Please output exactly the lines below, starting at the line that has "A herbal infusion" and ending at the line that has "Anthro Maeve Dress", both included; leave out all pictures and include nothing else.

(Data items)
◇ ◇ ◇ ◇

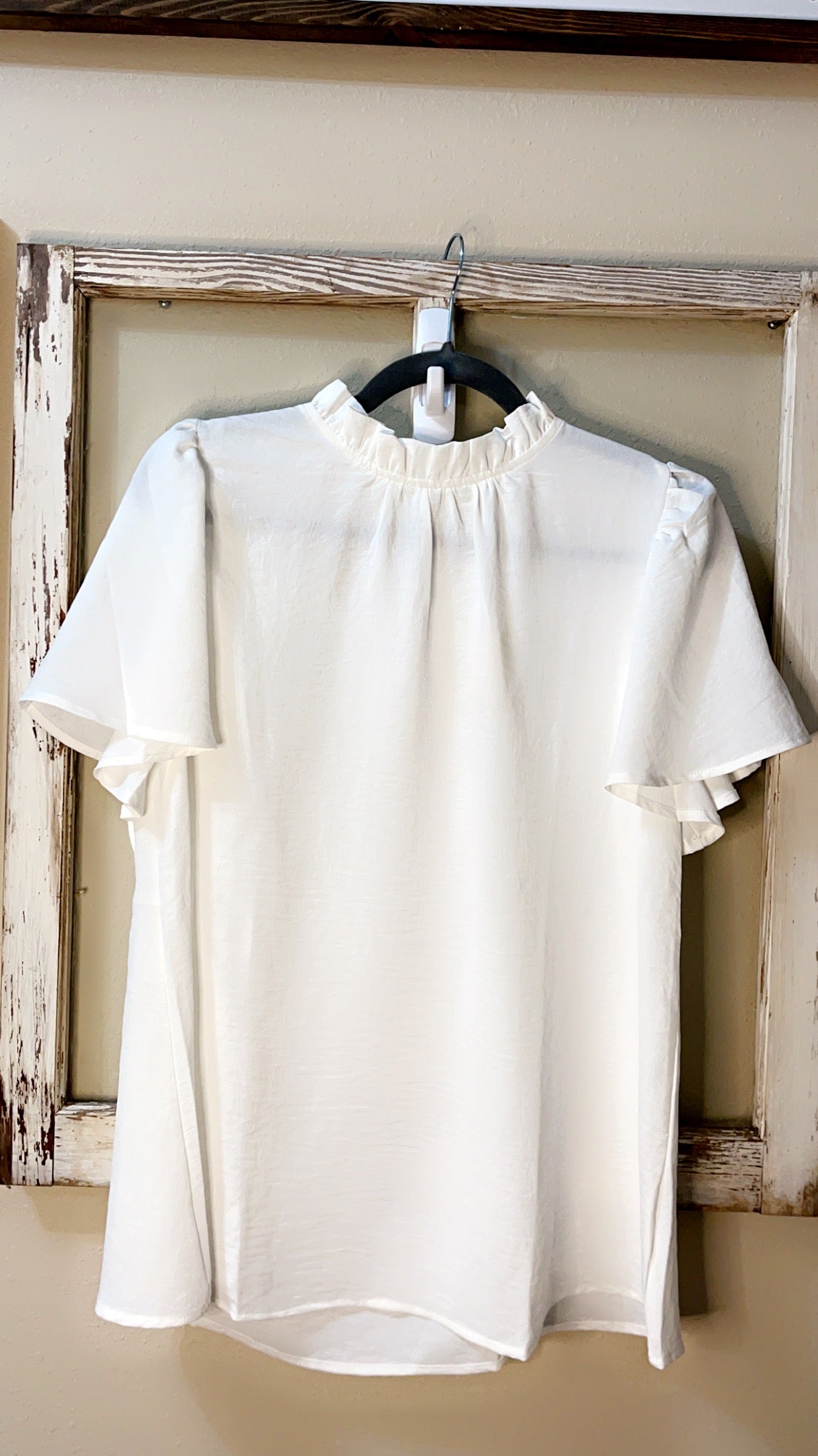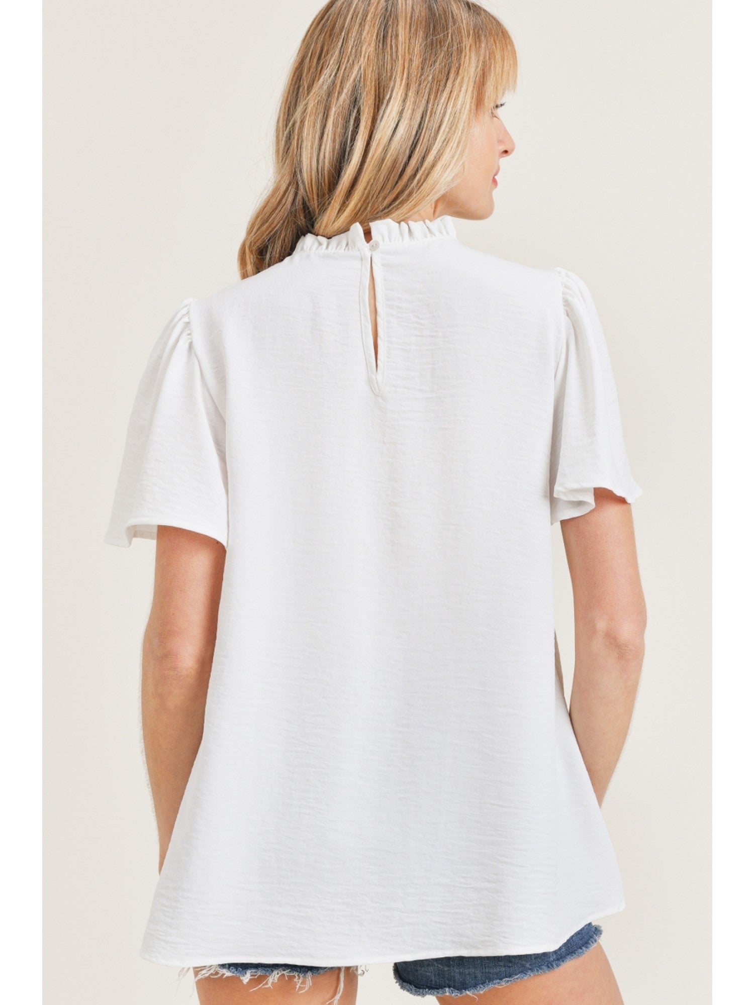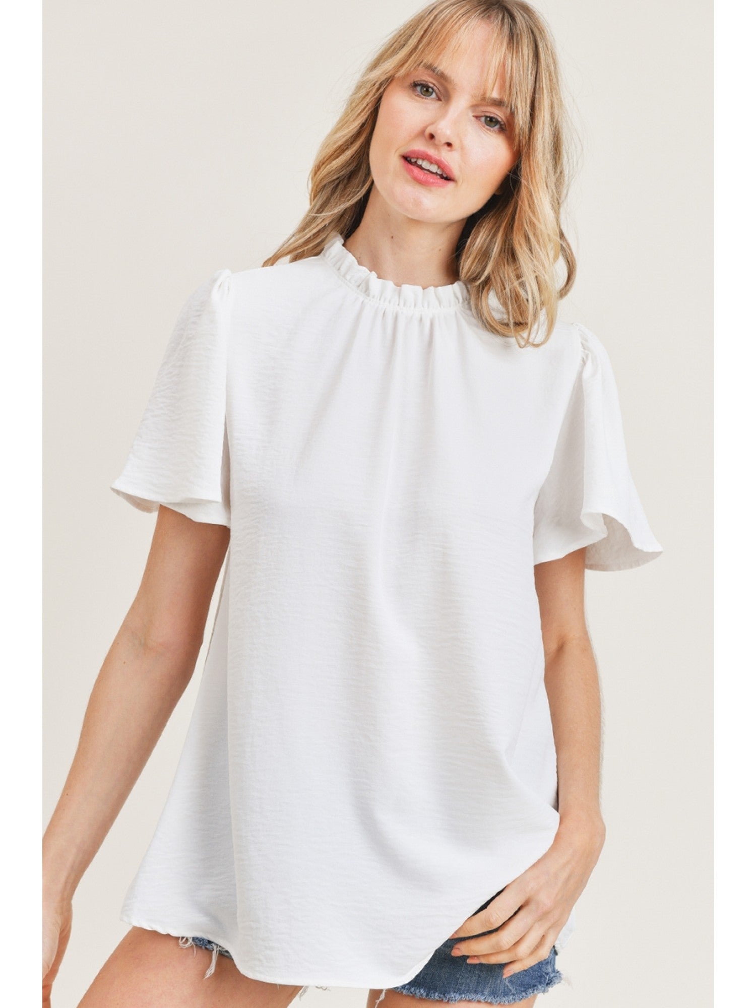 Stay on-trend with our frill neckline and short flounce sleeves that add a touch of finesse to our solid top. Our unlined and non-sheer design offer a comfortable and lightweight feel that can be worn all day. Stay stylish and sassy with our flouncy option that will have you feeling confident and fabulous.
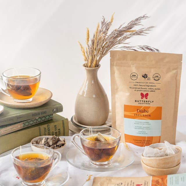 A herbal infusion for the diabetic and also, for those who have inherited a predisposition to the disease. With the goodness of Gurmar and Guduchi, and Sweetleaf Stevia, Diabe Infusion is a natural way of supporting healthy sugar and cholesterol levels. 100% caffeine-free, this herbal infusion tea for diabetes can be enjoyed anytime during the day or late evening.
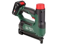 Zszywacz elektryczny do szybkiego mocowania materiałów izolacyjnych, folii, tkanin, tapet, listew, itp. na powierzchniach drewnianych lub wykonanych z materiałów drewnopodobnych.
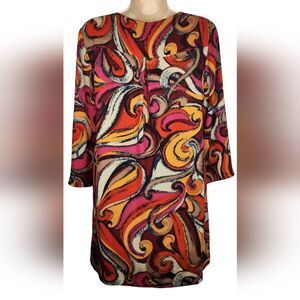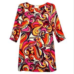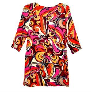 Anthro Maeve Dress Silk Flavia Swirl Shift Mini Pink Orange Mid Century Mod XS
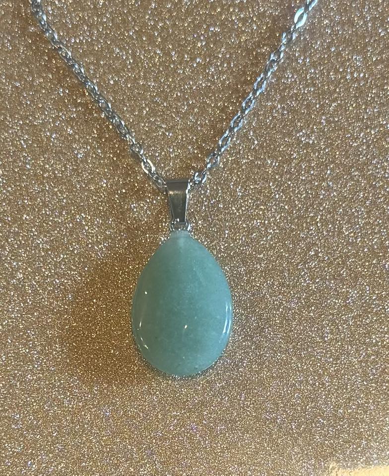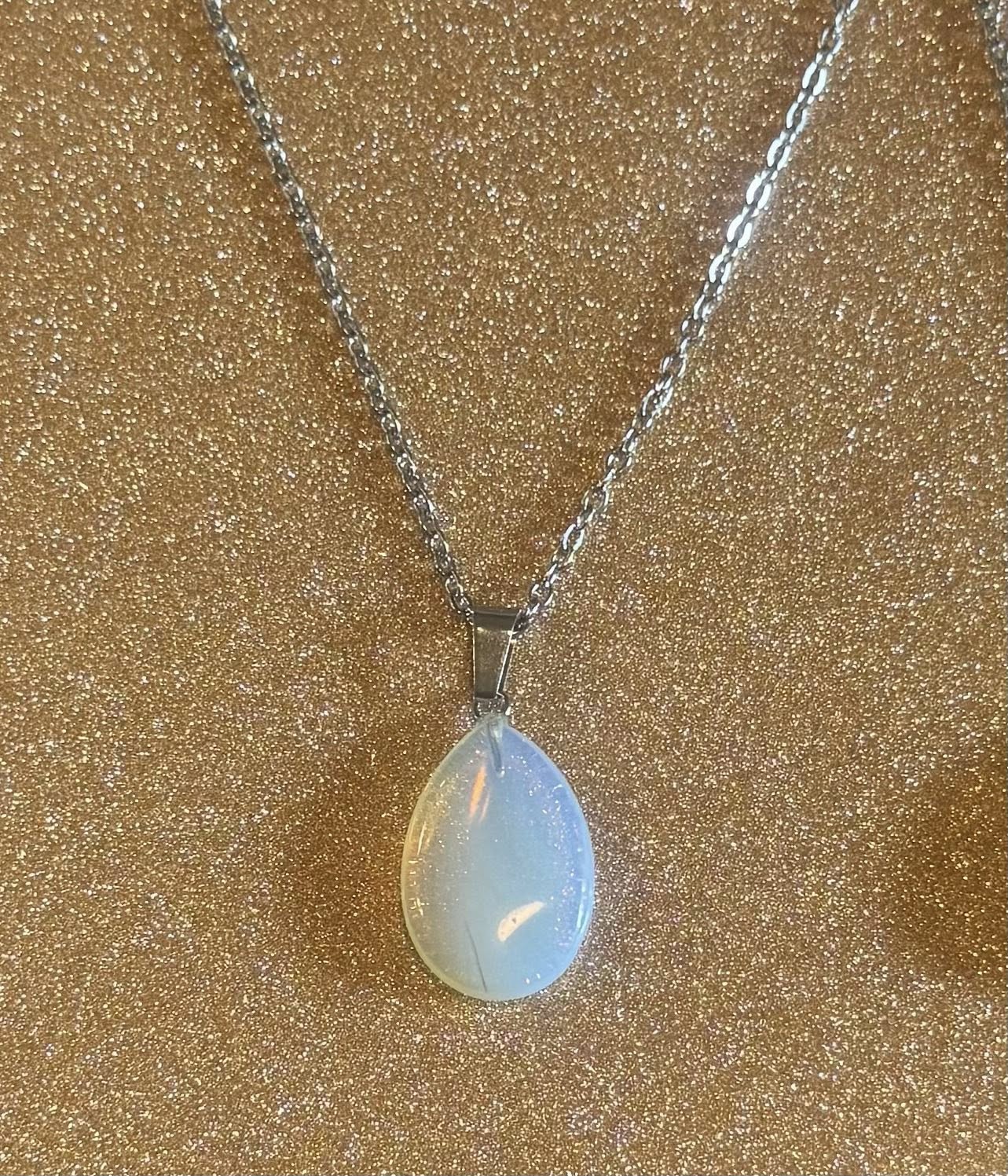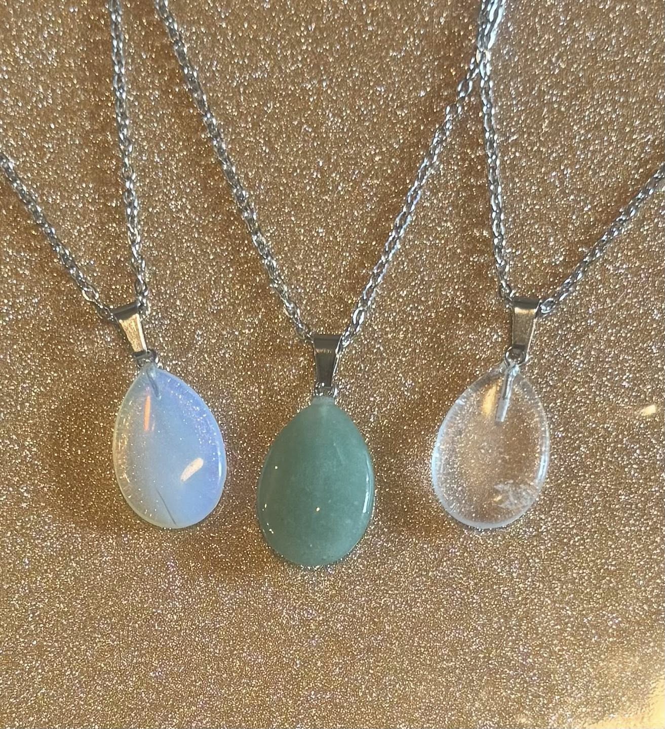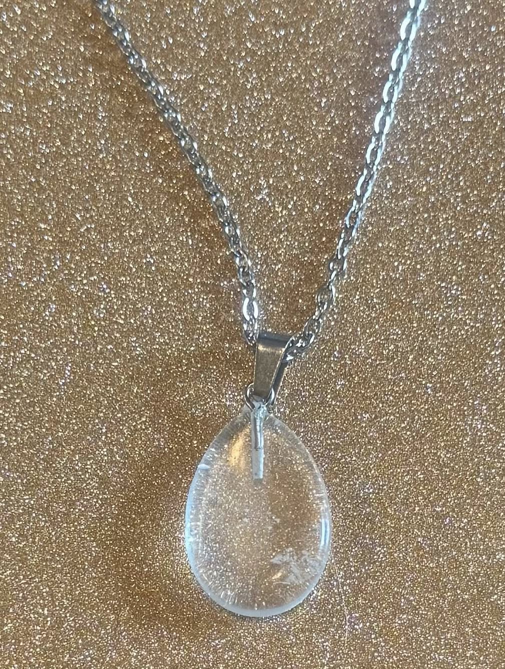 Carved crystal teardrops on a 17 in stainless steel chain.

◇ ◇ ◇ ◇

- _Task response_:
 A herbal infusion for the diabetic and also, for those who have inherited a predisposition to the disease. With the goodness of Gurmar and Guduchi, and Sweetleaf Stevia, Diabe Infusion is a natural way of supporting healthy sugar and cholesterol levels. 100% caffeine-free, this herbal infusion tea for diabetes can be enjoyed anytime during the day or late evening.
 Zszywacz elektryczny do szybkiego mocowania materiałów izolacyjnych, folii, tkanin, tapet, listew, itp. na powierzchniach drewnianych lub wykonanych z materiałów drewnopodobnych.
 Anthro Maeve Dress Silk Flavia Swirl Shift Mini Pink Orange Mid Century Mod XS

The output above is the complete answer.